Impact
The gve driver in the Linux kernel contains a flaw in the gve_tx_clean_pending_packets function when operating in DQ-QPL mode. It incorrectly reuses the RDA buffer cleanup path, interpreting buffer IDs as DMA addresses and iterating beyond the bounds of the dma array. This causes attempts to unmap incorrect memory locations and can trigger out-of-bounds array access, which in turn may lead to kernel panics or unpredictable behavior. The vulnerability is a memory corruption issue that can destabilise the system but does not provide remote code execution. The description explicitly mentions out‑of‑bounds access warnings and the need for a fix that properly checks for QPL mode and delegates cleanup to gve_free_tx_qpl_bufs().
Affected Systems
Any Linux kernel build that includes the gve driver and has not yet applied the patch that resolves CVE‑2026‑23386 is vulnerable.

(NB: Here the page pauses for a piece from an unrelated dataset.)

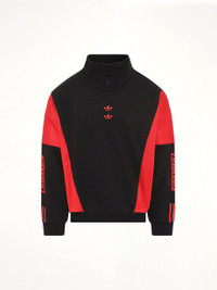 Adidas x Willy Chavarria's Adidas X Chavarria Watsonville Mockneck in Black/Red is a bold and stylish piece that combines modern design with classic sportswear elements. This mockneck top is perfect for making a statement while ensuring comfort and versatility. - Composition: HEAVY COTTON FLEECE &SHINY FLEECE - Features a striking black and red colorway. - Designed with a mockneck collar for a contemporary look. - Part of the exclusive collaboration between Adidas and Willy Chavarria. - Ideal for both casual and athletic wear. - Emphasizes a modern, urban aesthetic. - Made in: nan Model is 187 cm and wears size M SKU: KD9347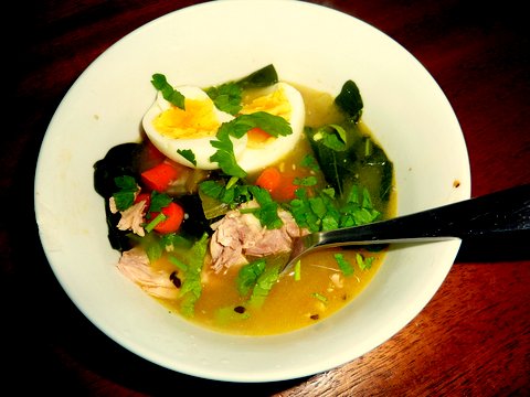 “je bent een soep mens.” oma used to say this to me when she told me we were having one of my favorite meals of fresh, crusty baguette, creamy & stinky cheeses & a delicious from-scratch soup. it means “you are a soup person” & she was right. soup possibilities are endless – from an elegant consomme to a salty beer & cheese & for many food-loving people a great soup is the ultimate test of kitchen prowess, yet soup is also accessible & familiar. lately i have been making a lot of soup with the intention of stocking the freezer but somehow it disappears before there are leftovers. to my chicken soup i add a 6-minute boiled egg to each bowl before serving because i heart eggs & because the silky yolk thickens the broth. to make a heartier soup you could add cubes of potato or a handful of rice. this is such a flexible recipe – you can get creative & make it your own by omitting the greens & adding other vegetables, skip the egg, add sausage…

The vendor of the affected product is Linux and the product is the Linux kernel. Specific version numbers are not listed in the advisory, but the vulnerability applies to all kernels that expose the gve driver and run in DQ‑QPL mode.
Risk and Exploitability
The CVSS score of 5.5 indicates moderate severity. The EPSS score of less than 1% suggests a low likelihood of exploitation in the wild, and the vulnerability is not currently listed in the CISA KEV catalog. The bug appears to require local interaction with the gve driver—likely through normal network traffic or driver activity—to trigger, so it is inferred that the attack vector is local. No public exploit has been reported, and the impact is primarily a denial of service through kernel crashes.